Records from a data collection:
+---+

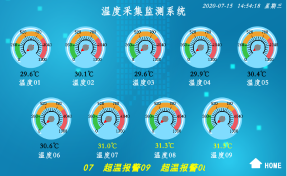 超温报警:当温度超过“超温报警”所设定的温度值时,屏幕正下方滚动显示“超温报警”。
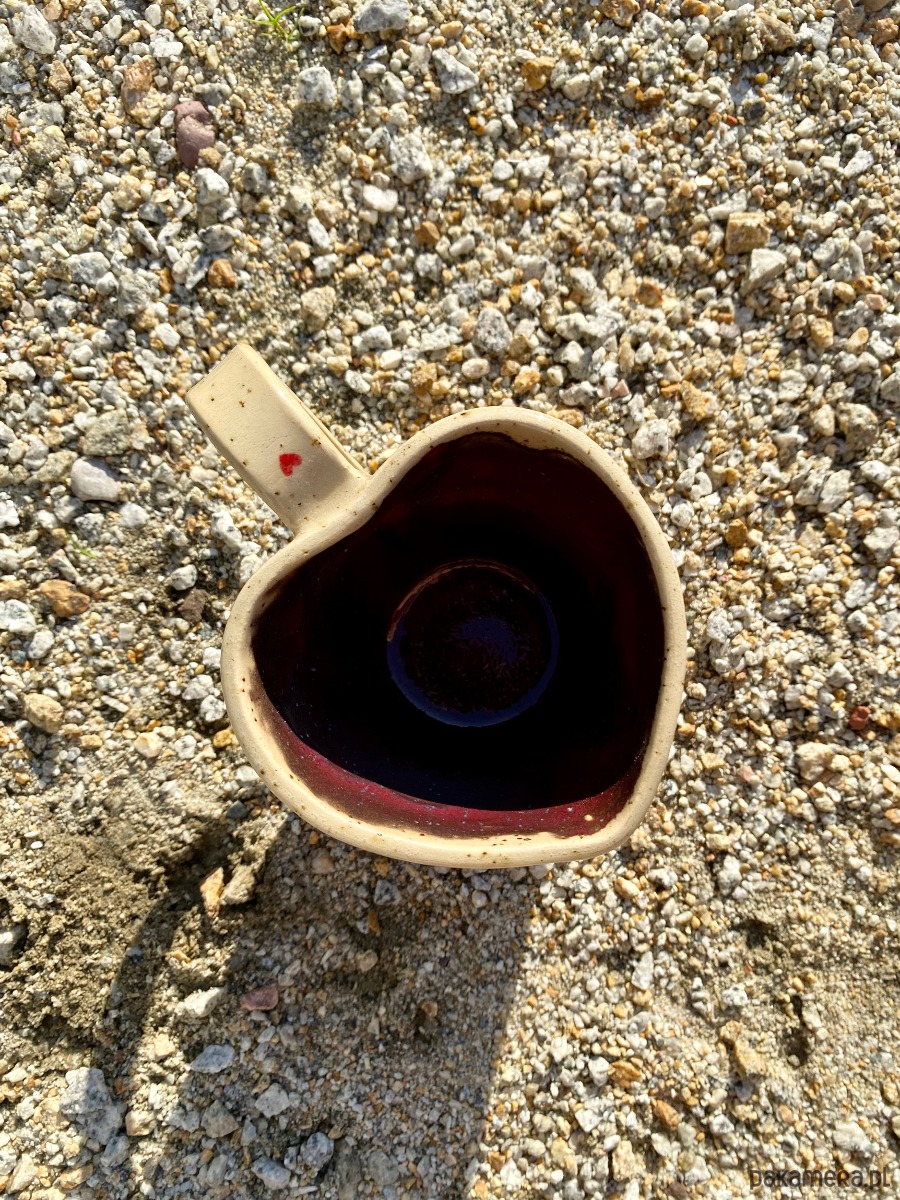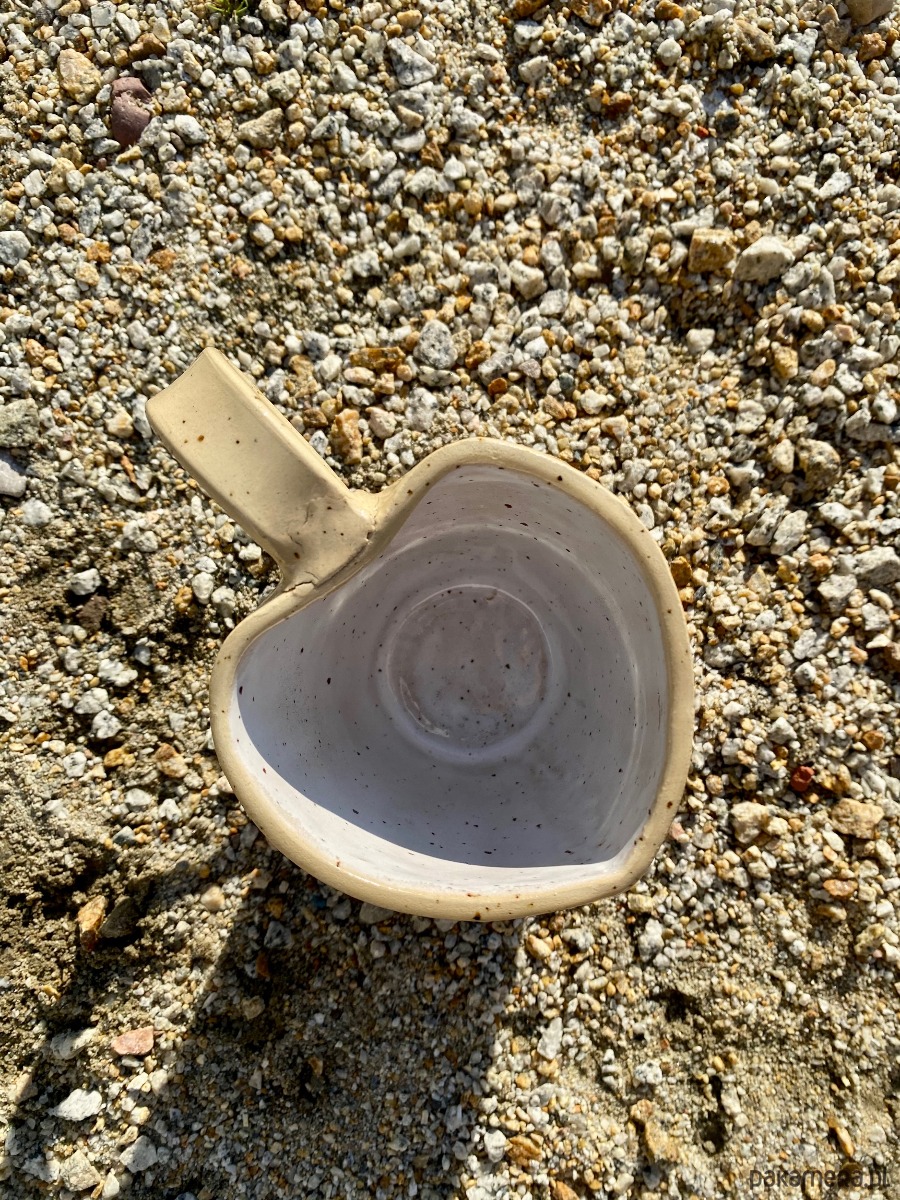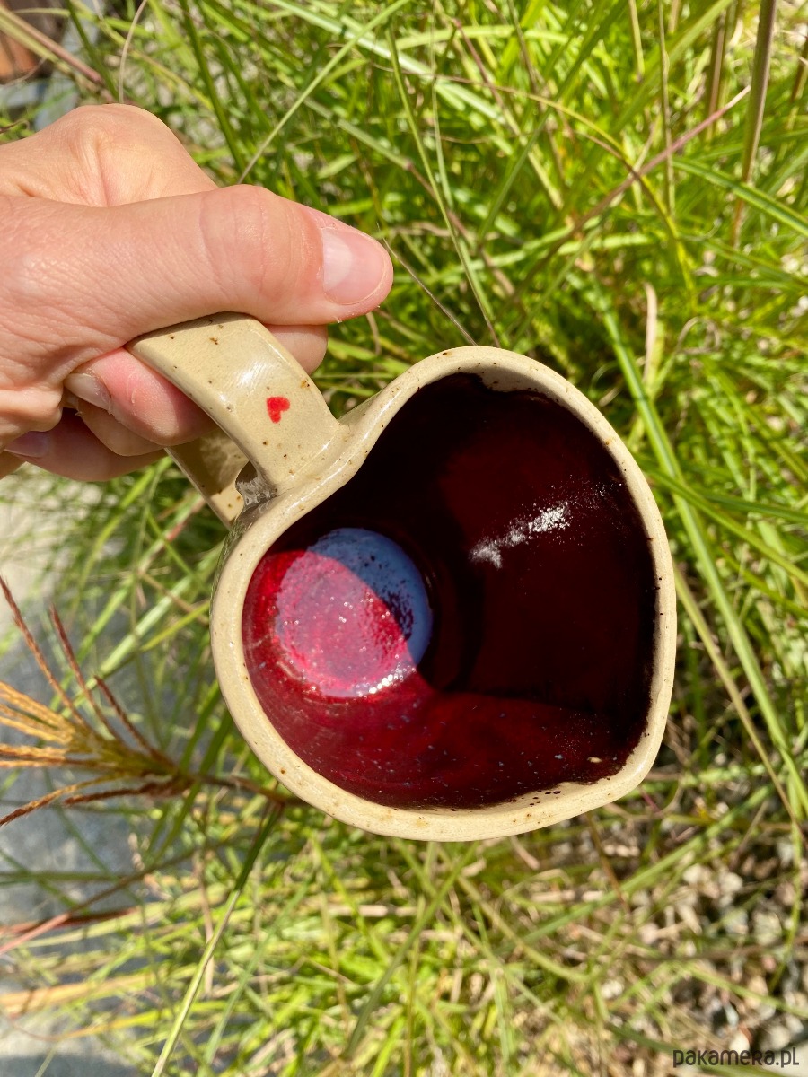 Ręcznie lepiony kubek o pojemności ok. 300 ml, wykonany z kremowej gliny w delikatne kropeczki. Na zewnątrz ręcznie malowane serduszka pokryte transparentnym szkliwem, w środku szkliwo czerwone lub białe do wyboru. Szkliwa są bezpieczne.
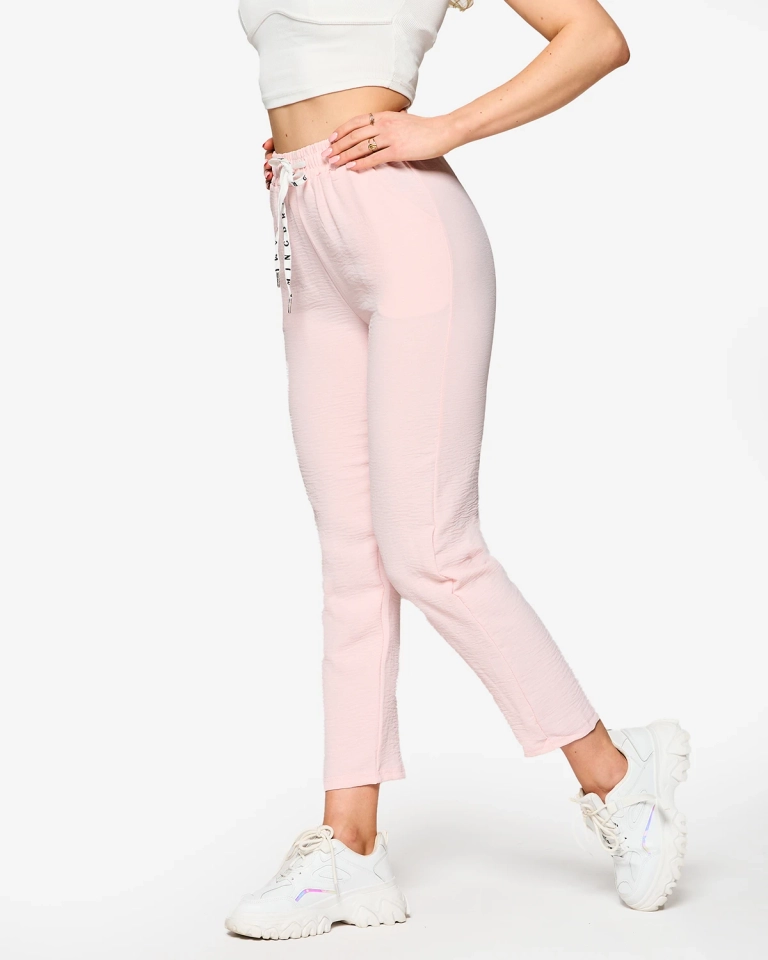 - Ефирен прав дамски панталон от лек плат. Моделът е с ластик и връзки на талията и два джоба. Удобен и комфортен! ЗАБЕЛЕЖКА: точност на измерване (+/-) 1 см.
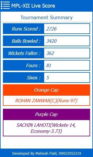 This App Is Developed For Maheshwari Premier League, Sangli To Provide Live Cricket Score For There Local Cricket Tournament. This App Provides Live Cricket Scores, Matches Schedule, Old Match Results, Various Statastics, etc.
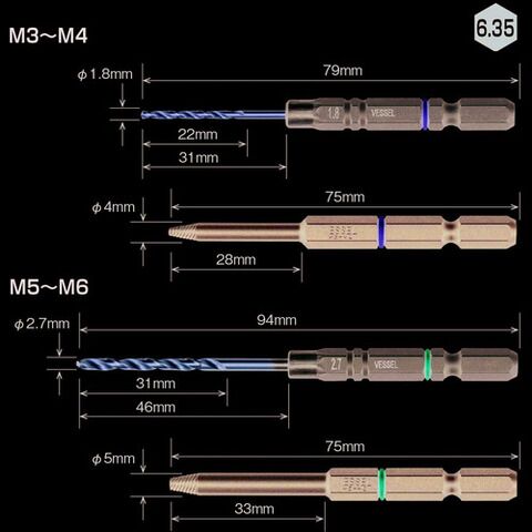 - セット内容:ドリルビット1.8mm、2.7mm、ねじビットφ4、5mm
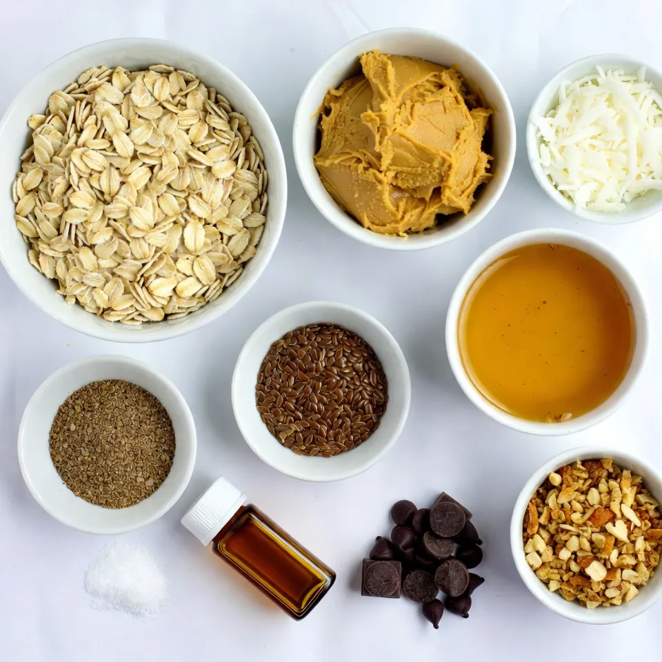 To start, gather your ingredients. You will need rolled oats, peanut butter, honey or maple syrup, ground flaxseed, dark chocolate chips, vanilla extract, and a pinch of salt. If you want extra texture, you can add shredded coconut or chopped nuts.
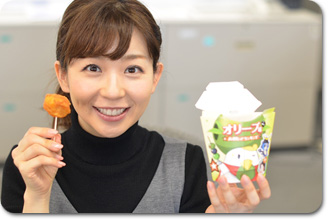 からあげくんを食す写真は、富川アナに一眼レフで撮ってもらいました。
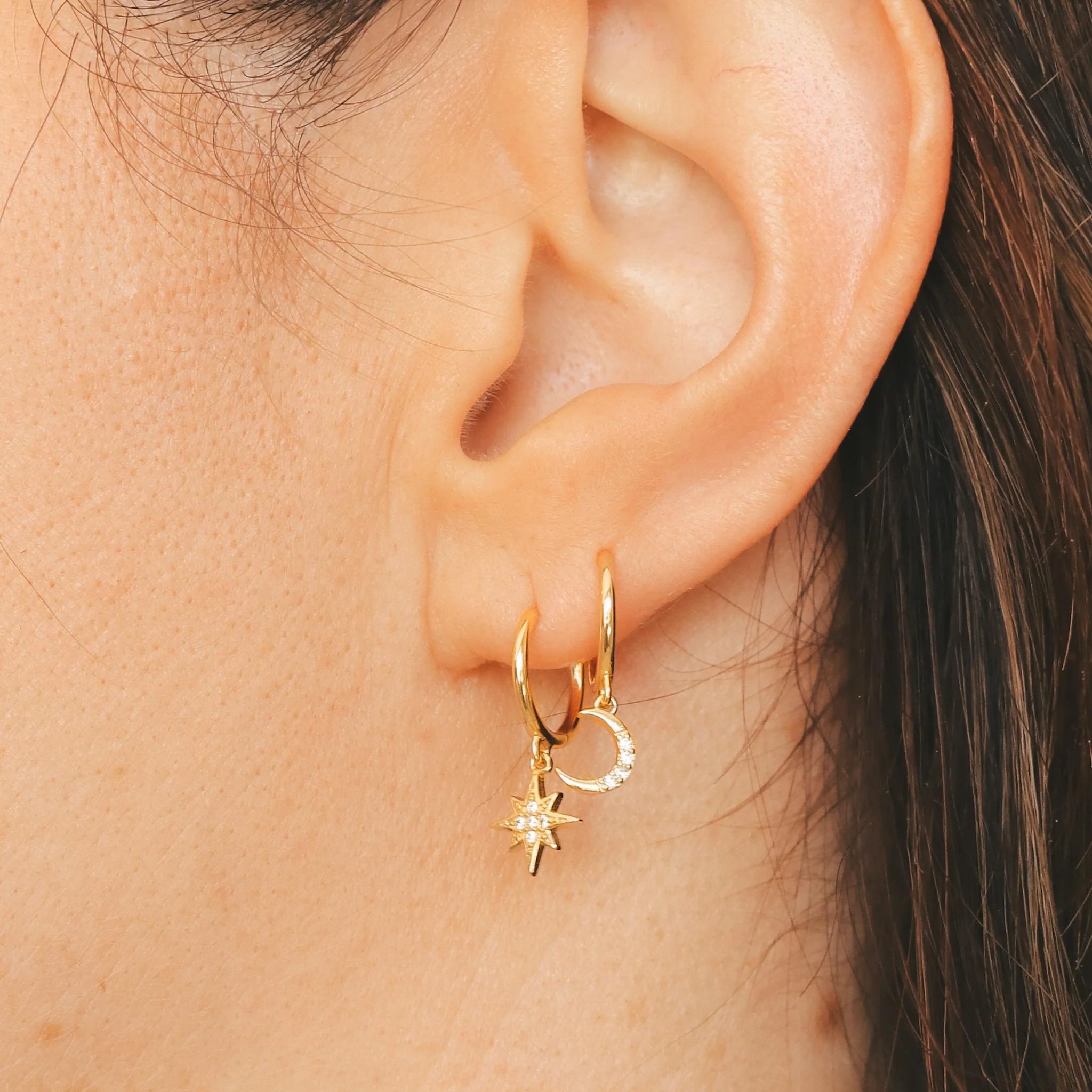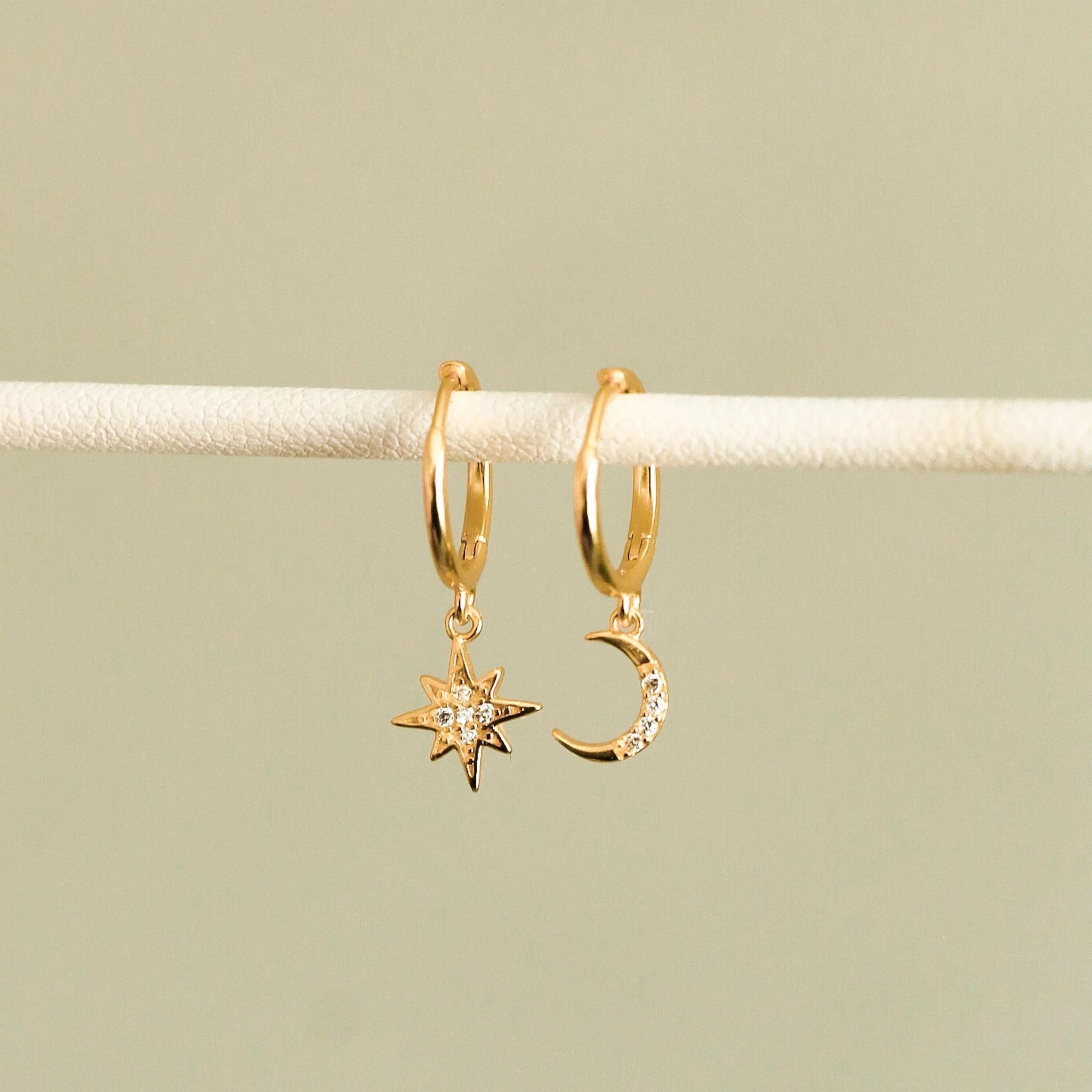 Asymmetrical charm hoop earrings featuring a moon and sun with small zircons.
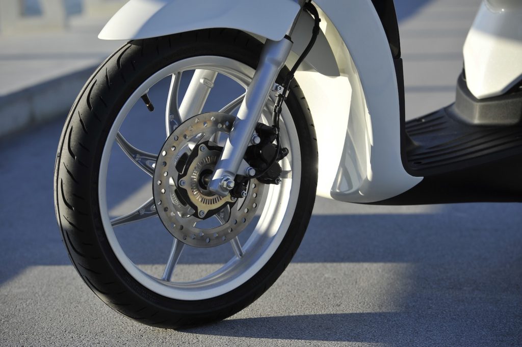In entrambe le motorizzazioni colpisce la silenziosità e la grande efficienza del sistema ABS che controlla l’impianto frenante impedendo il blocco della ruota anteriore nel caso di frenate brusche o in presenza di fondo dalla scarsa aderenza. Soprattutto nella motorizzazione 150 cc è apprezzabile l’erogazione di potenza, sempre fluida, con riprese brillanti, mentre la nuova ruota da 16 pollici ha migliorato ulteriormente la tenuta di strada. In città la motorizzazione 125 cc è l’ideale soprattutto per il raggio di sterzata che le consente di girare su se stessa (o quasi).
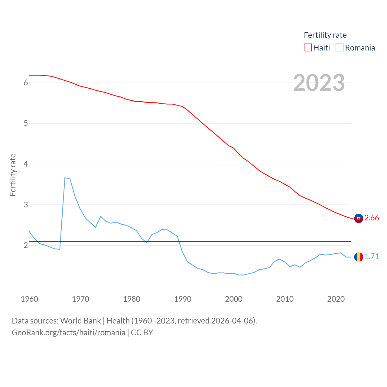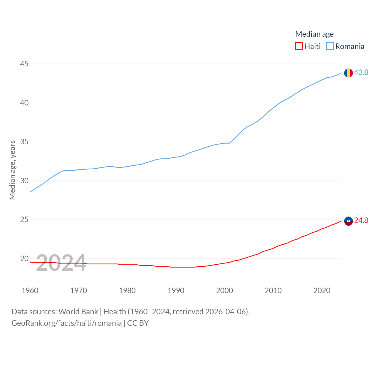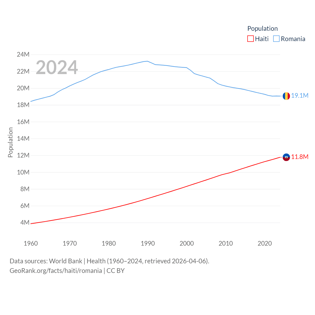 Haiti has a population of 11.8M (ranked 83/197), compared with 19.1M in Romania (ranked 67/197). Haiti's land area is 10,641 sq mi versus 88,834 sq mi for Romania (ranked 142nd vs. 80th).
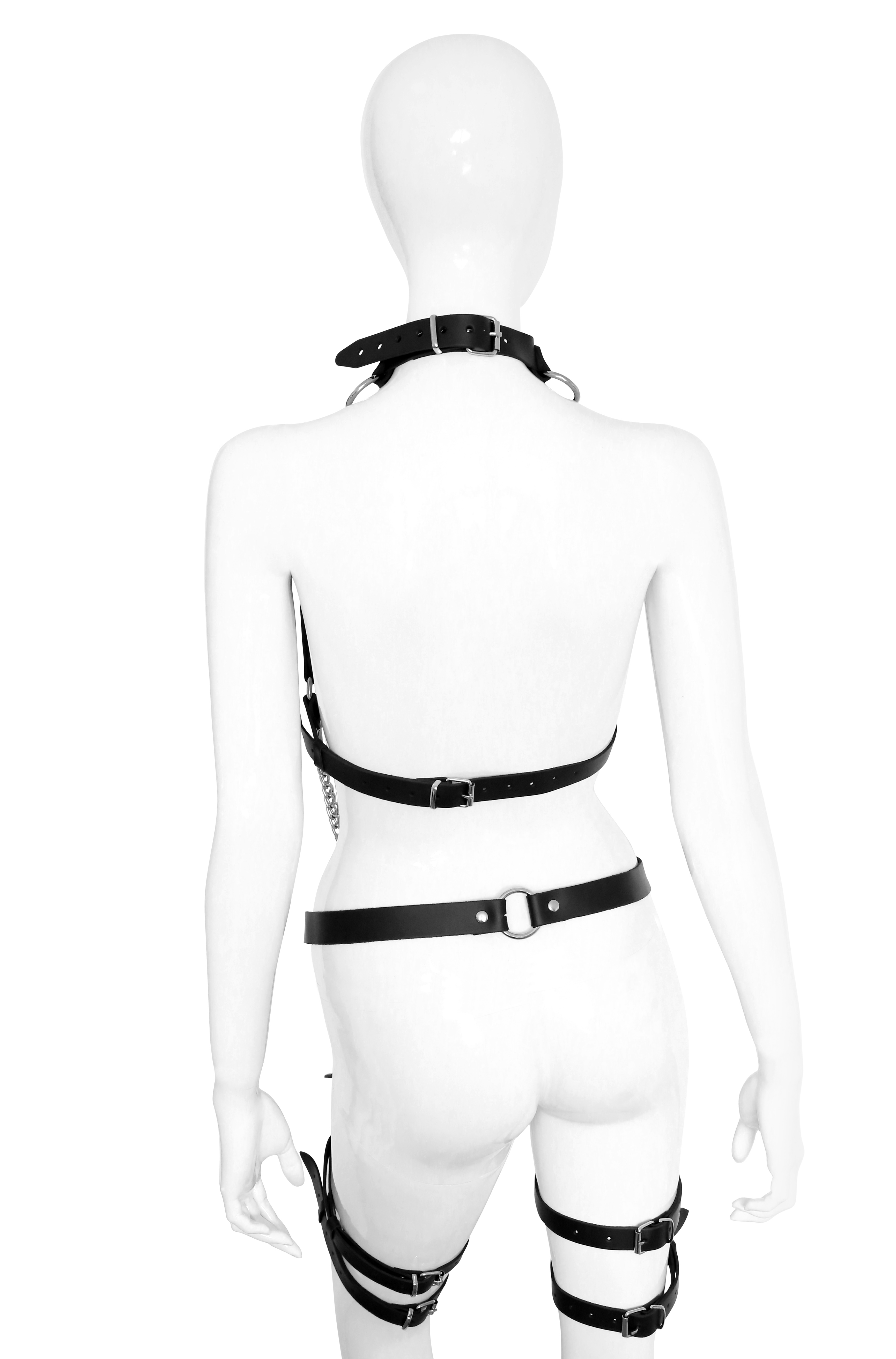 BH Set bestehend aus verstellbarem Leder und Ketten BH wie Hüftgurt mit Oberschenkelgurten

+---+

• [WHAT IS NEEDED] Reproduce the lines above starting at the one with "からあげくんを食す写真は、富川アナに一眼レフで撮ってもらいました。" and ending at the one with "Asymmetrical charm hoop", both included, exactly and with no pictures.

• [RESULT BELOW]
 からあげくんを食す写真は、富川アナに一眼レフで撮ってもらいました。
 Asymmetrical charm hoop earrings featuring a moon and sun with small zircons.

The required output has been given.